Paterson

2016/ USA

Directed by: Jim Jarmusch

Starring: Adam Driver, Golshifteh Farahani, Barry Shabaka Henley, William Jackson Harper, Chasten Harmon

Words: N. Scatcherd

Even as a committed Jim Jarmusch fan, I wasn’t sure about Paterson at first. It distillates and purifies the laidback, meandering, low-key interest in the minutiae of life that all Jarmusch films engage in to various degrees, stripping away narrative urgency to the point where there isn’t even much of a narrative at all. This is a film about ‘the little things’, even more so than usual in a Jarmusch film. But while its unhurried nature – which could be interpreted as a kind of aimlessness if one was feeling unkind – may initially beg the question: “is anything actually going to happen?”, something gradually happened to me as I watched it. I began to smile, fondly and without cynicism, in the same way our protagonist, bus driver Paterson (Driver) – who funnily enough shares his name with the city of Paterson, New Jersey in which he lives and works – smiles at the small moments of beauty, happenstance and kindness he sees around him; the things that inspire the modest, earnest poetry he pens in his ‘secret notebook’.

Paterson is played with a quiet, observant curiosity by Driver, who really is a fantastic presence. He conveys a world of emotion with one doe-eyed glance or barely suppressed chuckle. He goes to the same bar every evening and engages in friendly small talk with the barman (Henley). He walks his English bulldog, Marvin (who steals every scene he’s in, by the way) and enjoys an apparently idyllic relationship with his black-and-white obsessed, cupcake-baking girlfriend Laura (Farahani), who harbours a dream of becoming a country singer. Her whimsical kookiness could be kind of irritating, but Farahani and Driver so well inhabit the lived-in chemistry of a couple in genuine love that it actually comes off as sincerely touching. When she talks about her dreams, bakes strange pies and paints the shower curtains in her beloved two-tone colour scheme, Paterson laughs with her, not at her; fondly, lovingly. Pretty soon I was doing the same.

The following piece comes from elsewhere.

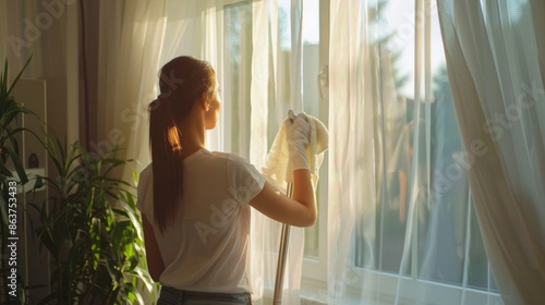 Professional spring cleaning service - Woman uses spray cleaner and mop to restore order and cleanliness to house interior, washing windows and curtains manually.
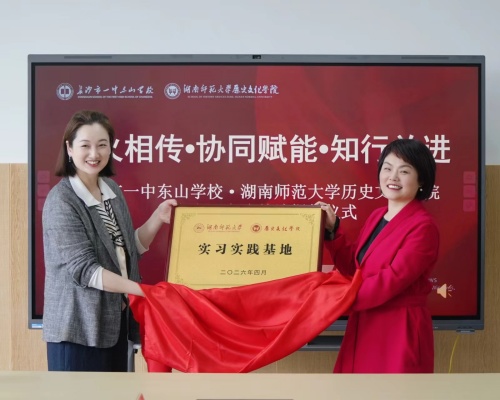 湖南师范大学是国家“211工程”重点建设高校、国家“双一流”建设高校,其历史文化学院学科实力雄厚、育人成果丰硕。长沙市一中东山学校是优质的九年一贯制学校,教育理念先进、发展起点高、育人方式勇于创新。此次共建实习基地,充分体现了两校领导共促教育发展的战略远见、深耕育人的深厚情怀与主动作为的责任担当。

Paterson isn’t the kind of film you can really talk about in terms of ‘plot’, and anyway, the whole joy of it comes from allowing its gentle magic to take hold as we experience a week in the life of this humble everyman figure, enjoying the small, quiet beauties of life along with him. Paterson is a warm, tender examination of the things it’s easy to take for granted sometimes; love, humour, compassion. It left me with a renewed sense of optimism and appreciation for the good in every day. Maybe that sounds silly; I don’t really care. It’s the kind of experience everyone deserves to have every now and again.